张鑫将水杯放下,不紧不慢的说:“谁让你这么古板呢,只是运点感冒药罢了,又不犯法,你非得千方百计的拦着。”
路遥脸上闪过一丝了然之色,道:“张鑫你这垃圾,狗改不了吃屎。将感冒药运到国外提炼毒品……咳咳……”
张鑫理了下领带,笑道:“你别血口喷人啊,我可是国际知名企业家。这次回国,‘省招商引资局’还打电话欢迎我呢~”

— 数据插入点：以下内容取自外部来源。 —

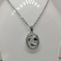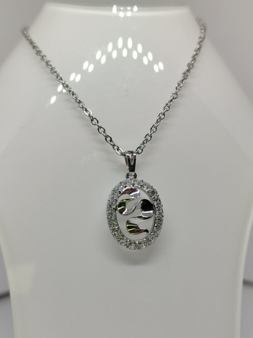 Qafore e flakëruar në argjend me varëse me figurë ovale. E stolisur me gurë të bardhë sintetik.
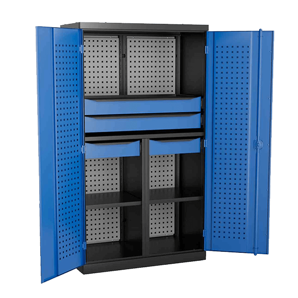 - Современный лаконичный дизайн и качественная порошковая окраска делают шкаф устойчивым к коррозии, царапинам и механическим повреждениям.
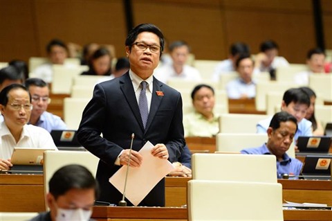 | Le député Vu Tiên Lôc (de Hanoï) prend la parole lors de la 3e session de la XVe Assemblée nationale, le 10 juin. |
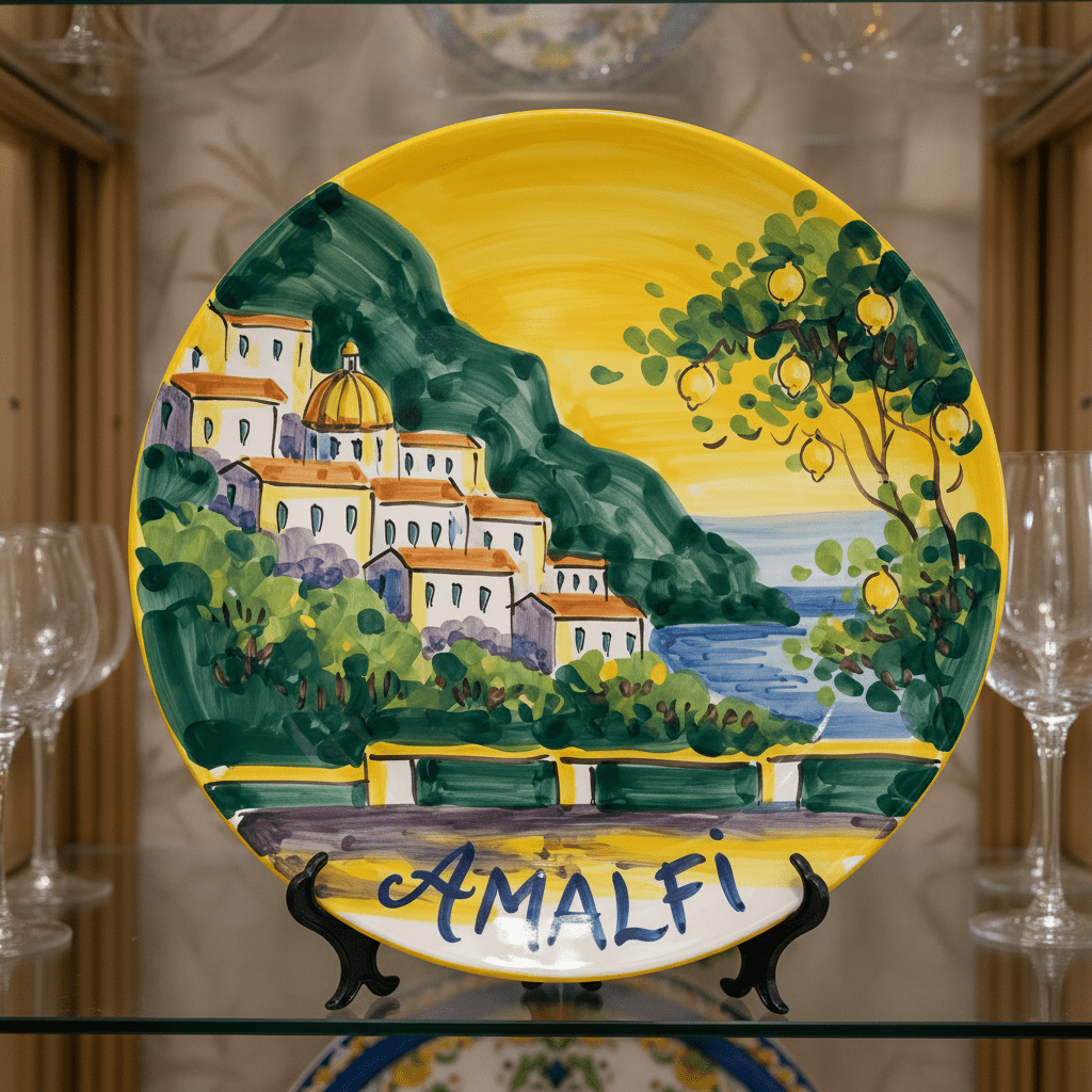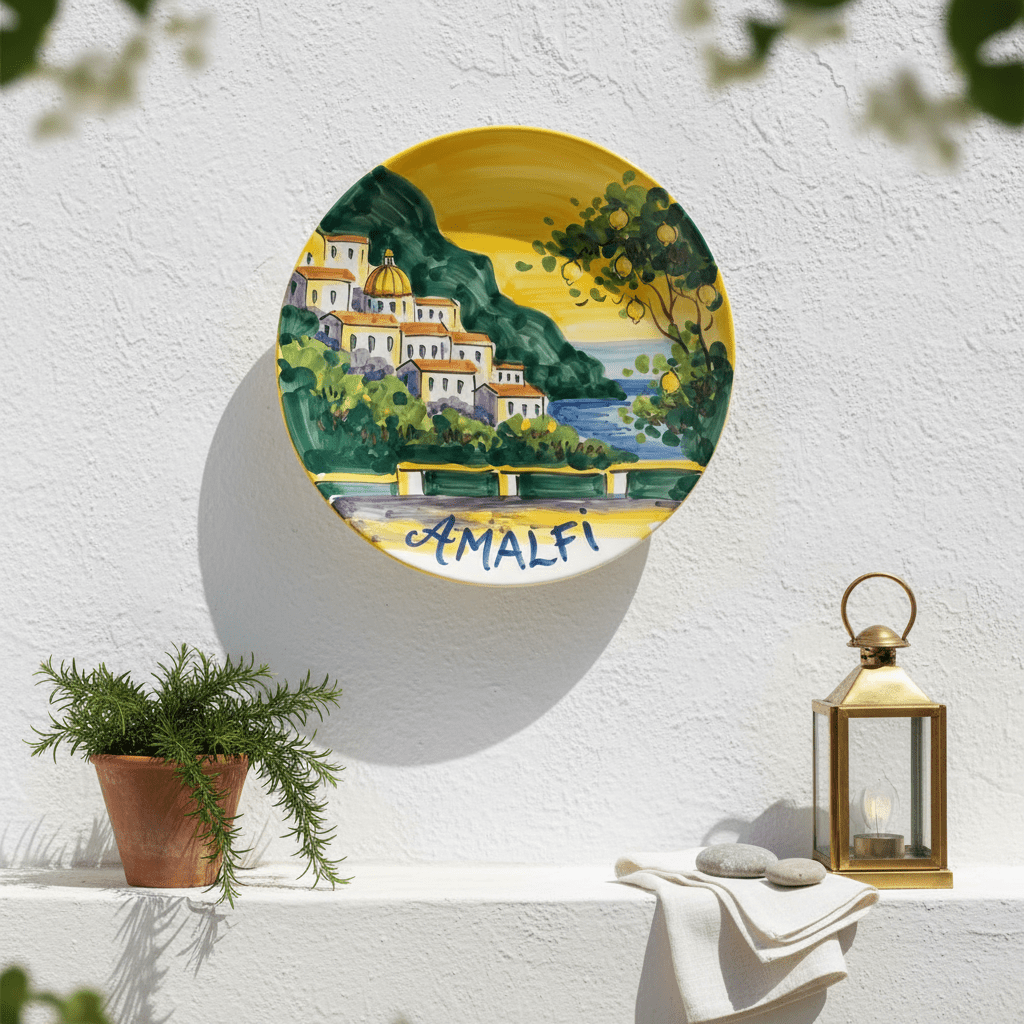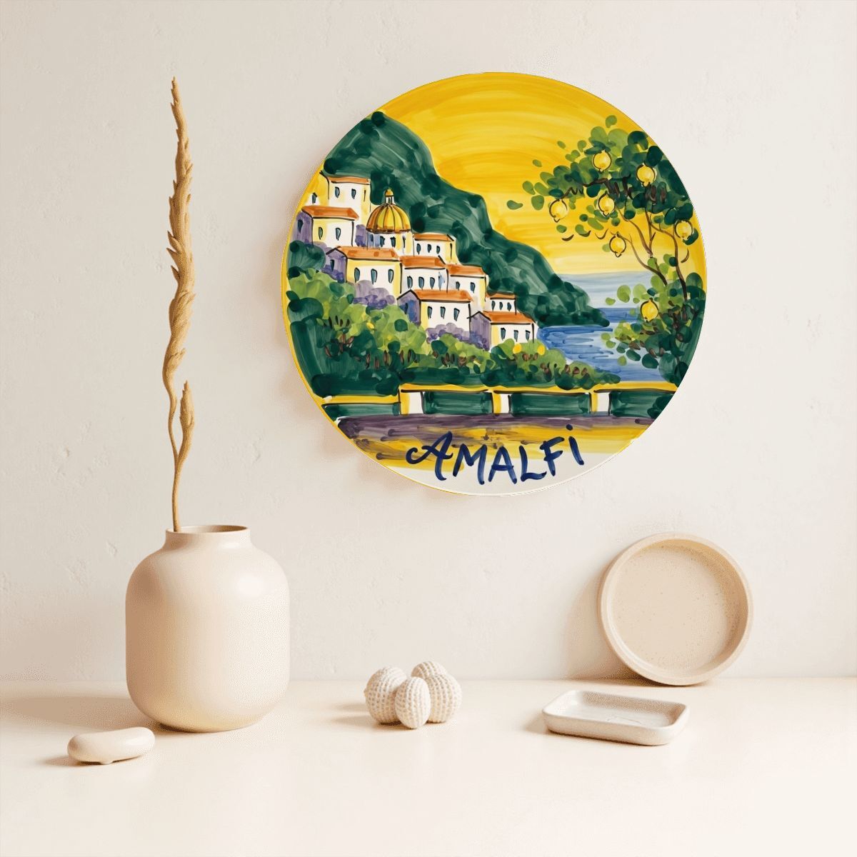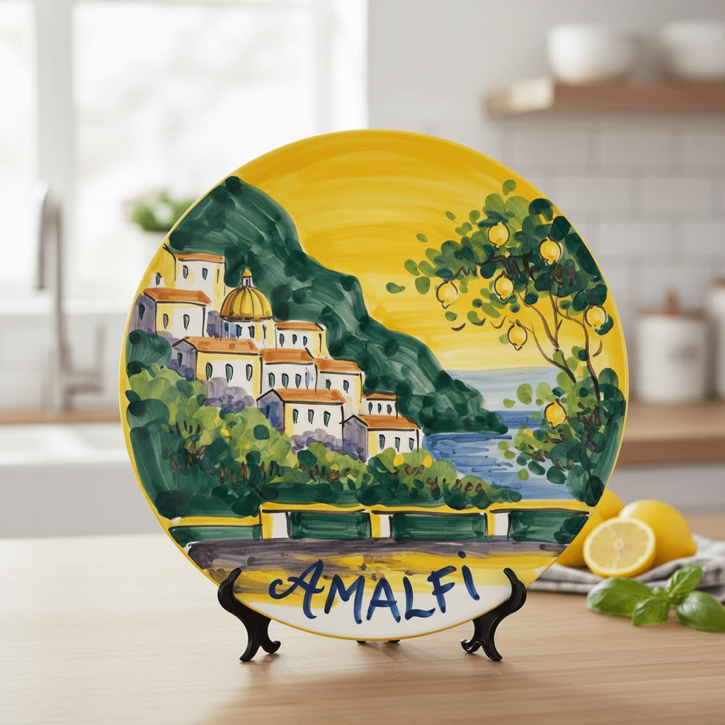 Bring the breathtaking beauty of the Italian seaside into your home with this stunning decorative piece. Inspired by the colorful cliffs of the Amalfi Coast, this plate features a picturesque town nestled against a lush green hillside under a golden sky. The inclusion of a fruitful lemon tree in the foreground adds a touch of authentic Mediterranean charm, perfect for any coastal-themed interior, and it comes complete including a stand.
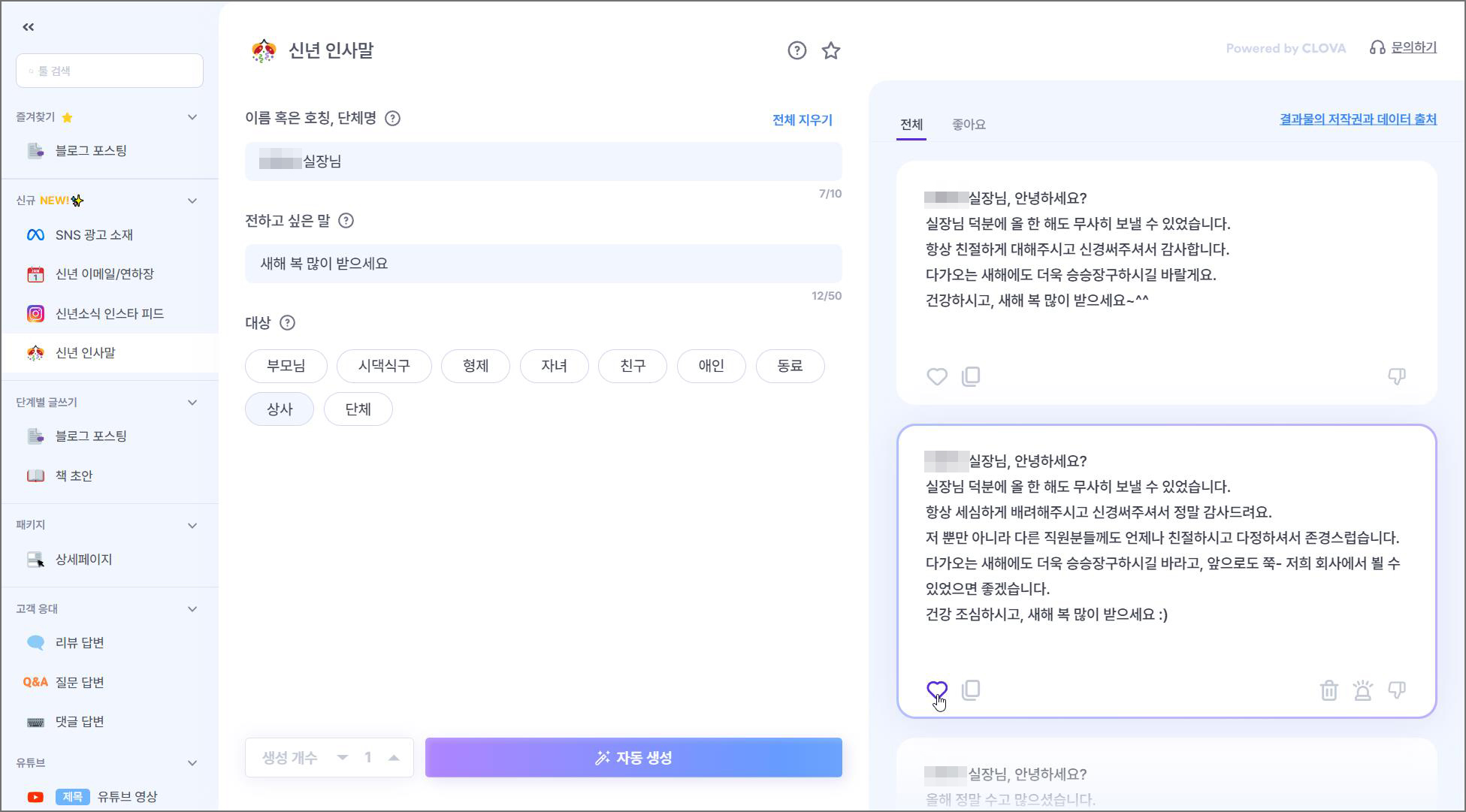 대상과의 관계를 선택한 후 하단의 '자동생성'을 선택하면 새해인사문구가 자동 생성 됩니다.
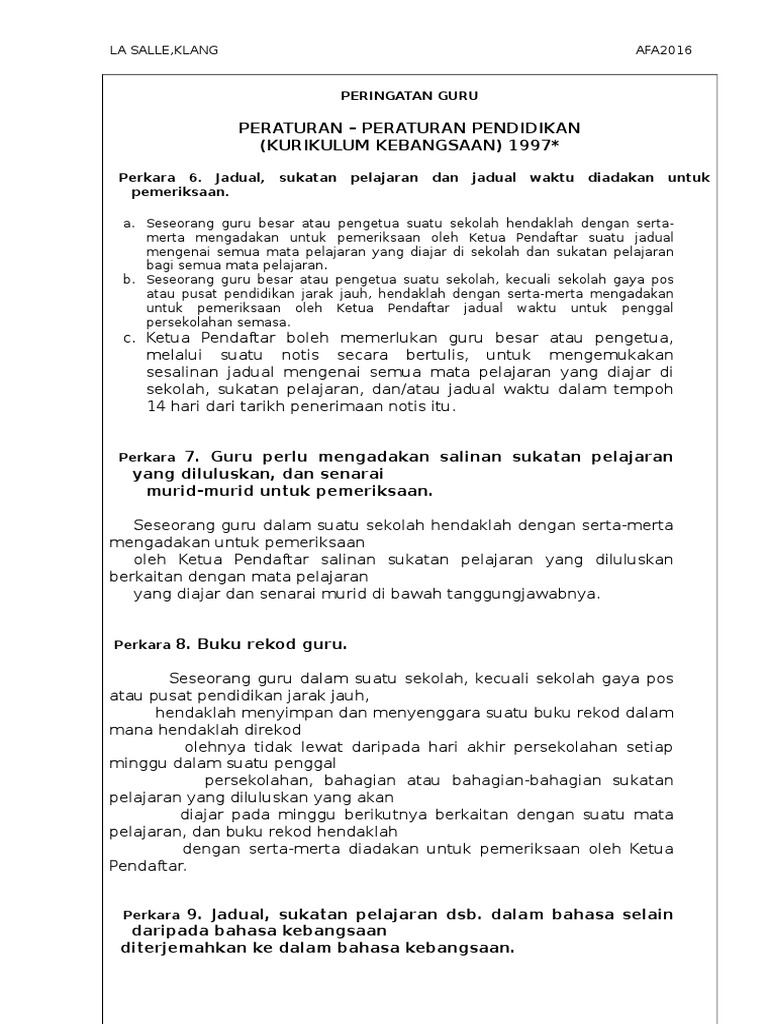 Apa yang saya maksudkan ialah peraturan yang lahir daripada akta ini dinamakan peraturan peraturan pendidikan kurikulum kebangsaan 1997. Melaksanakan kokurikulum di sekolah adalah wajib. Kehendak untuk mengikuti kegiatan kokurikulum 9 seseorang murid berkeperluan pendidikan khas yang ditentukan oleh panelsebagai sesuai untuk mengikuti pendidikan khas di bawah subperaturan 5 1 hendaklah mengikuti kegiatan kokurikulum sebagaimana yang ditakrifkan dalam peraturan peraturan pendidikan kurikulum kebangsaan 1997 p. Nama dan mula berkuat kuasa.
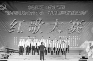 10月29日上午,东新区搬口办事处组织近300名师生进行红歌大赛。他们用嘹亮的歌声和优美的舞蹈展现了昂扬斗志。图为比赛现场。晚报记者 王凯 摄

路遥叹了口气,现在的自己什么都做不了,索性闭上眼睛不再说话,安静等待死亡的到来。
但张鑫却不想让眼前饱受病痛折磨、即将离世的表兄走好。他附身靠近,悄悄说道:琇書蛧
“表哥啊~其实呢,我这次回国主要就是见你一面,告诉你一声——你的癌,是我弄出来的~”
路遥陡然挣开眼,“你说什么!”
张鑫笑眯眯的掏出个铅盒打开,里面是件古怪的三角形饰物,仅有巴掌大小,中间是只眼睛似的图案,一看就很有年代感。
“眼熟吧?这是我亲手送你的,货真价实的古董。我在里面掺了点放射性物质,长期接触就会变成你现在这副鬼样子。”
路遥马上认出来,这是自己很喜欢的一件古物,天天摆在书桌上,时不时的把玩,没想到却是要人命的东西!
他伸出枯枝似的手臂,死死的抓住眼前人的胳膊!“你……”
“别激动~表哥,我西装很贵的。”张鑫轻松拿掉路遥的手,小心的捏起铅盒,将放射性饰物塞进他怀里。
“我赶飞机,得先走一步。你好好留着这个当做纪念吧,有机会再去你的坟头蹦迪~”
说完话,张鑫从容起身离开。临走前,还回头俏皮的眨眨眼。他原本就男生女相,此时的神态动作居然有些娇媚。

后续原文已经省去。